The problem → Retype word for word the first line of the listing and each line after it up to the line with "Untitled - Shipwreck", with the pictures taken out.
───── Record excerpts
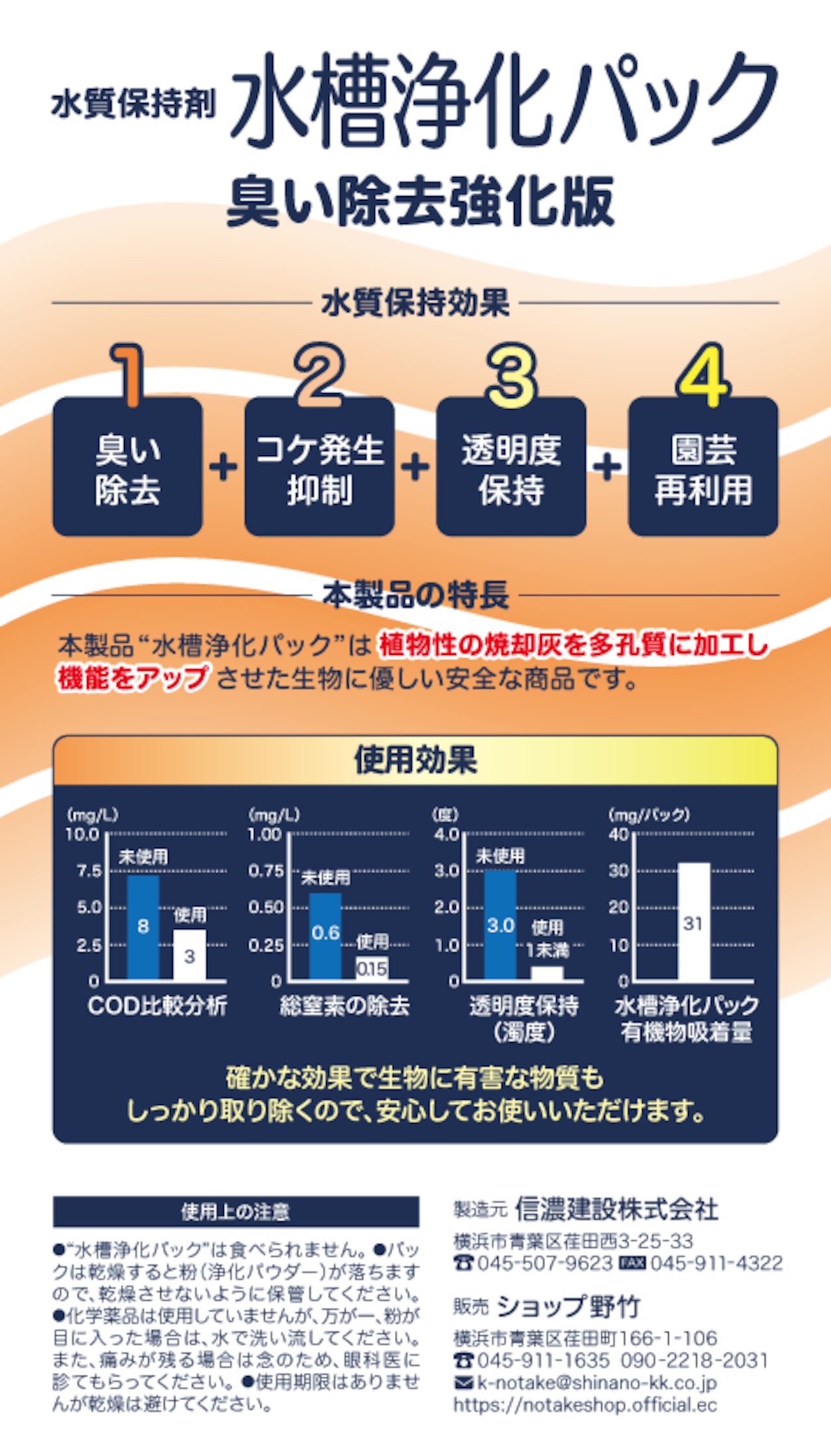 「臭い防止強化版 水槽浄化パック」が、あなたのアクアリウムを快適で清潔に保ちます。ぜひお試しください。
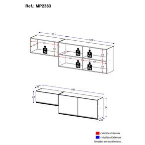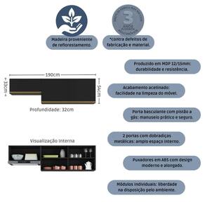 Dimensões do Produto Montado: Altura: 54cm | Largura: 190cm | Profundidade: 32cm *Você pode consultar as medidas detalhadas na imagem técnica do produto.
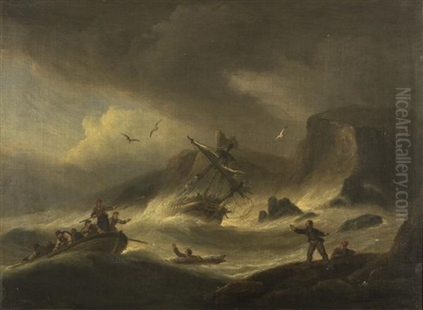 Untitled - Shipwreck Oil Painting by Thomas Luny
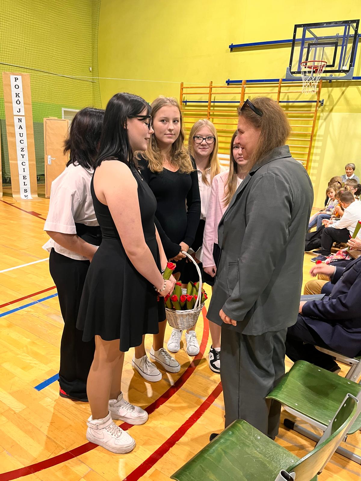 Z okazji Dnia Edukacji Narodowej pani dyrektor Joanna Jeżyna złożyła nauczycielom i pracownikom szkoły serdeczne życzenia oraz podziękowała za ich codzienną pracę, zaangażowanie i troskę o wszechstronny rozwój uczniów.
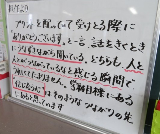 4月14日(火) 信じ合う心【1年黒板メッセージ】
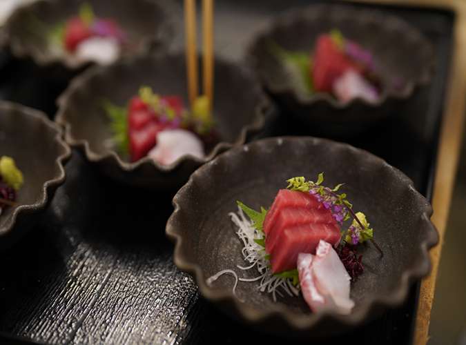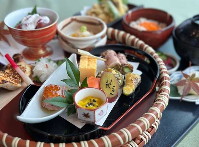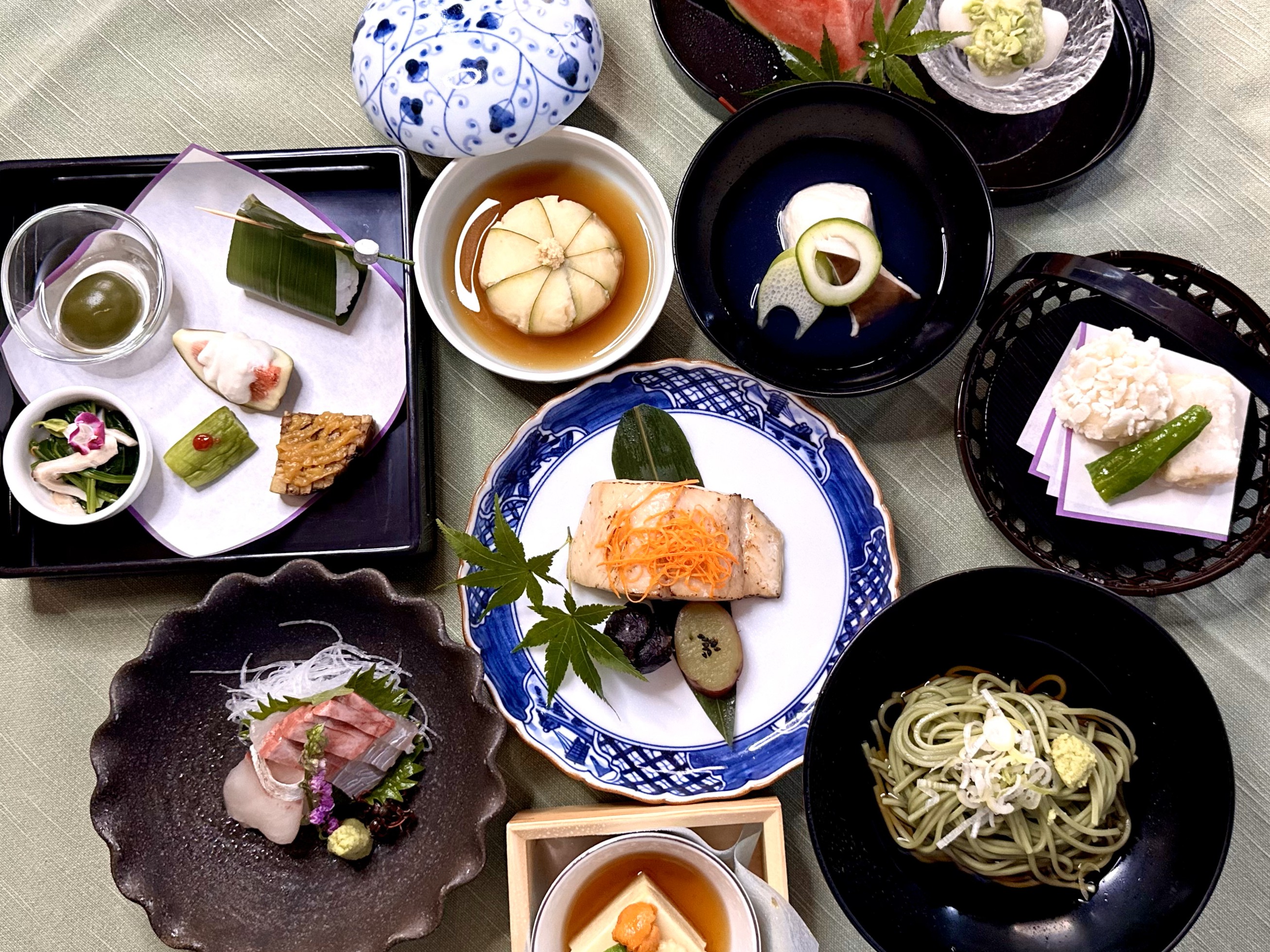 有名ホテルや料亭出身の料理長が手掛ける本格会席料理を、旬の食材と季節感を大切にアレンジ。前菜から焼き物、揚げ物、刺身、食事まで構成されたメニューは、ゲストの年齢層や好みに合わせてご提案します。お飲み物はスパークリングワイン、赤・白ワイン、ウィスキー、焼酎、日本酒など幅広く揃え、和洋どちらの料理とも相性抜群。会席スタイル、ビュッフェスタイルの両方に対応します。
──────────
Answer to this problem →
 「臭い防止強化版 水槽浄化パック」が、あなたのアクアリウムを快適で清潔に保ちます。ぜひお試しください。
 Dimensões do Produto Montado: Altura: 54cm | Largura: 190cm | Profundidade: 32cm *Você pode consultar as medidas detalhadas na imagem técnica do produto.
 Untitled - Shipwreck Oil Painting by Thomas Luny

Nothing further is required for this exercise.